Nitric Oxide Synthase Isoform Activities in Kidney of Dahl Salt-Sensitive Rats

Yoshihiro Ikeda; Komei Saito; Jong-Il Kim; Mitsuhiro Yokoyama

From The First Department of Internal Medicine, Kobe (Japan) University School of Medicine.

Correspondence to Komei Saito, MD, The First Department of Internal Medicine, Kobe University School of Medicine, 7-5-1, Kusunoki-cho, Chuo-ku, Kobe 650, Japan.

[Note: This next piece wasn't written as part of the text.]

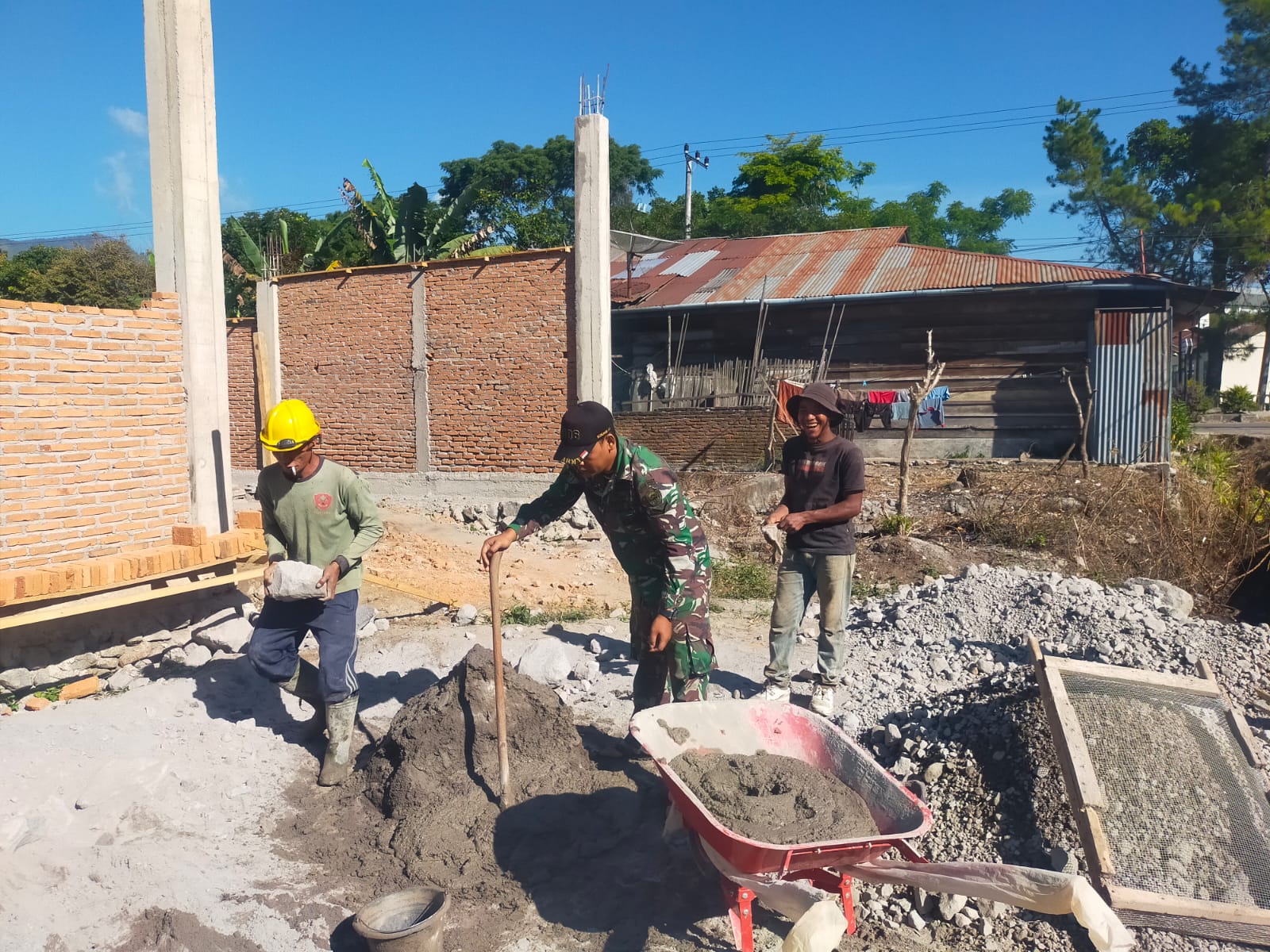 Babinsa Serda Didi Kurniadi turut membantu masyarakat desa binaan dalam kegiatan pembangunan rumah milik Bapak Amlir yang berlokasi di Desa SP Kelaping, Kecamatan Pegasing, Kabupaten Aceh Tengah, Senin (26/01/2026).
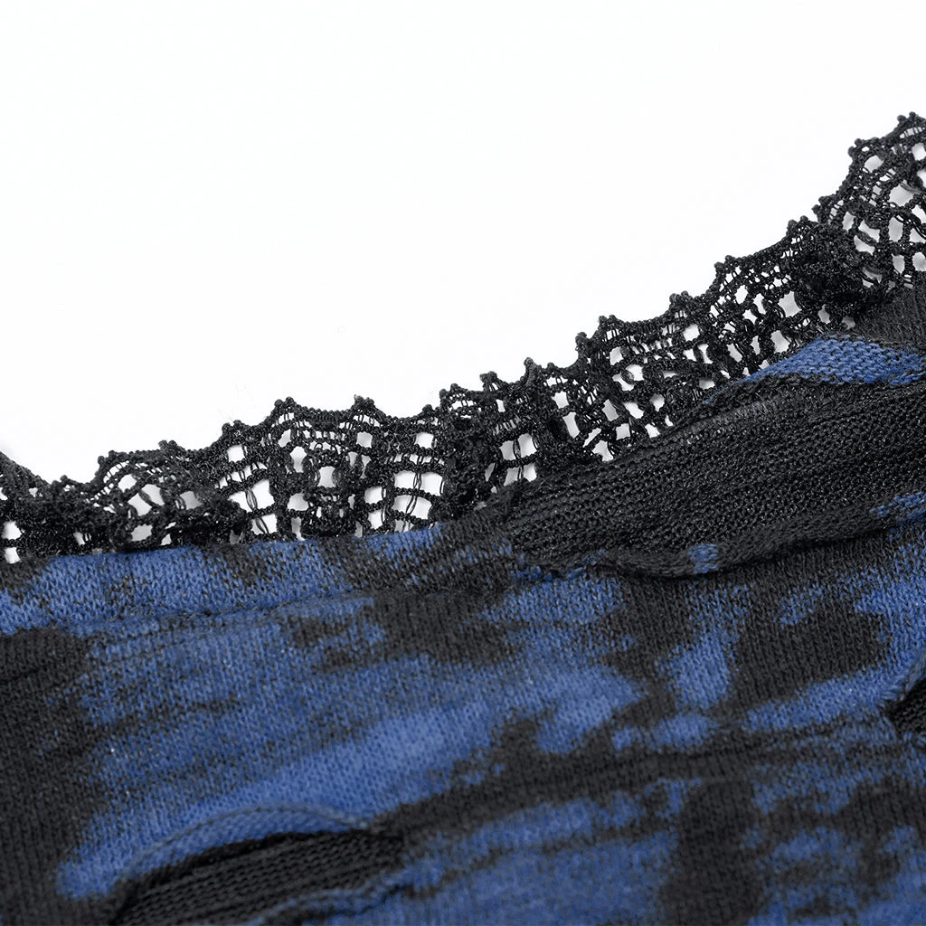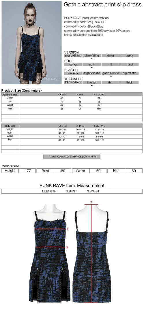 Striking blue and black mini dress from Punk Rave Gothic made from a soft stretchy fabric with a solid black lining. The Blue / black fabric features a tie dye effect with high thigh splits. This stunning dress also features adjustable shoulder straps for the perfect fit!

Abstract An abnormal L-arginine–nitric oxide axis has been suggested to be relevant to the genesis of salt-sensitive hypertension. In the present study we investigated the activities of three isoforms of nitric oxide synthase (NOS) in the kidney of Dahl salt-sensitive and salt-resistant rats. Five-week-old Dahl Iwai salt-sensitive (n=9) and salt-resistant (n=10) rats were maintained on a high salt diet (4% sodium chloride) for 4 weeks. We measured calcium-dependent and calcium-independent NOS activities in each particulate and soluble fraction of kidney by conversion of L-[³H]arginine to L-[³H]citrulline. Systolic blood pressure was elevated significantly (P<.001) in salt-sensitive but not salt-resistant rats. Calcium-dependent NOS activity in the soluble fraction was significantly lower in salt-sensitive rats than in salt-resistant rats (25.8±9.0 versus 48.2±19.2 disintegrations per microgram protein, respectively; P<.01). There were no differences in calcium-dependent NOS activity in the particulate fraction and calcium-independent NOS activity in the soluble fraction between groups. Renal norepinephrine content was lower in salt-sensitive rats than in salt-resistant rats (P<.05) and was positively correlated with calcium-dependent NOS activity in the soluble fraction (P<.01). Although no differences in endothelial and inducible-type NOS activity were observed a significant reduction in calcium-dependent NOS activity in the soluble fraction of the kidney of salt-sensitive rats suggests that the decreased neural-type NOS activity may in part be involved in the mechanism of salt-sensitive hypertension, possibly through alterations in renal sympathetic nervous activity and sodium handling.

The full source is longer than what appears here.